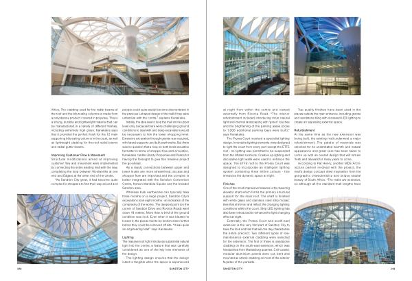 at night from within the centre and viewed externally from Rivonia Road . “ The interior refurbishment included introducing more natural light and internal landscaping with ‘ green ’ touches and the brightening of the parking areas ( close to 1,000 additional parking bays were built ),” says Kanakakis .
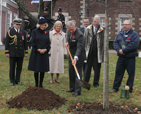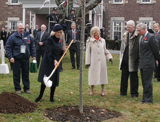 Her Royal Highness, The Duchess of Cornwall, helps plant a tree at Government House.
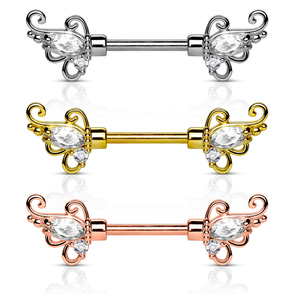 Brustwarzenpiercing mit Verschnörkelungen und Steinen
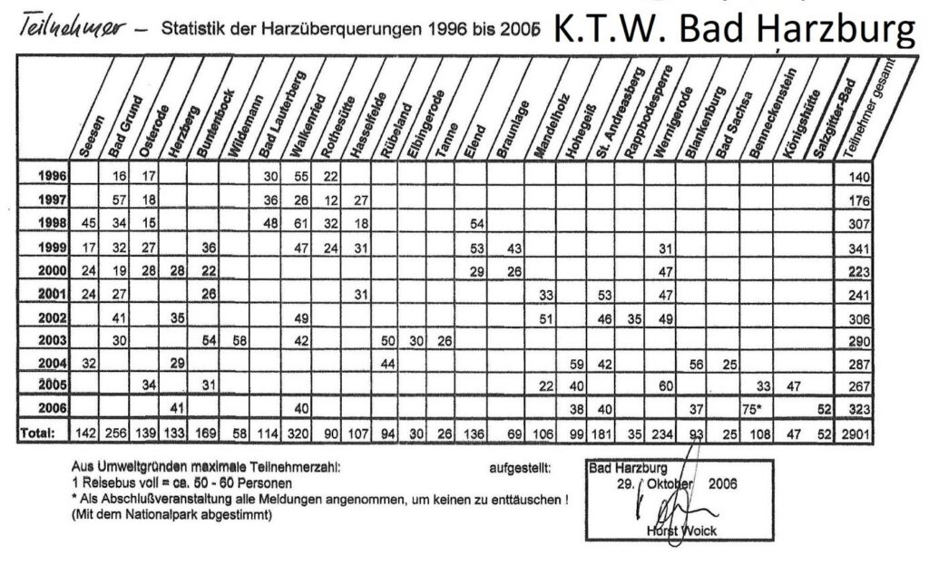 Horst Woick ging in den Ruhestand, wurde aber ehrenamtlicher Wanderführer der neuen „Kurverwaltung“ (Kur-, Tourismus- und Wirtschaftsbetriebe der Stadt Bad Harzburg – KTW) und Waldführer im Nationalpark HARZ. Was lag nun also näher als die Harzüberquerungen mit einer neuen Organisation als Kurgastwanderung wieder aufleben zu lassen.
---
WORK INSTRUCTIONS:
Each line of the material goes into your copy unchanged, but no picture does.

WRITTEN REPLY:
 at night from within the centre and viewed externally from Rivonia Road . “ The interior refurbishment included introducing more natural light and internal landscaping with ‘ green ’ touches and the brightening of the parking areas ( close to 1,000 additional parking bays were built ),” says Kanakakis .
 Her Royal Highness, The Duchess of Cornwall, helps plant a tree at Government House.
 Brustwarzenpiercing mit Verschnörkelungen und Steinen
 Horst Woick ging in den Ruhestand, wurde aber ehrenamtlicher Wanderführer der neuen „Kurverwaltung“ (Kur-, Tourismus- und Wirtschaftsbetriebe der Stadt Bad Harzburg – KTW) und Waldführer im Nationalpark HARZ. Was lag nun also näher als die Harzüberquerungen mit einer neuen Organisation als Kurgastwanderung wieder aufleben zu lassen.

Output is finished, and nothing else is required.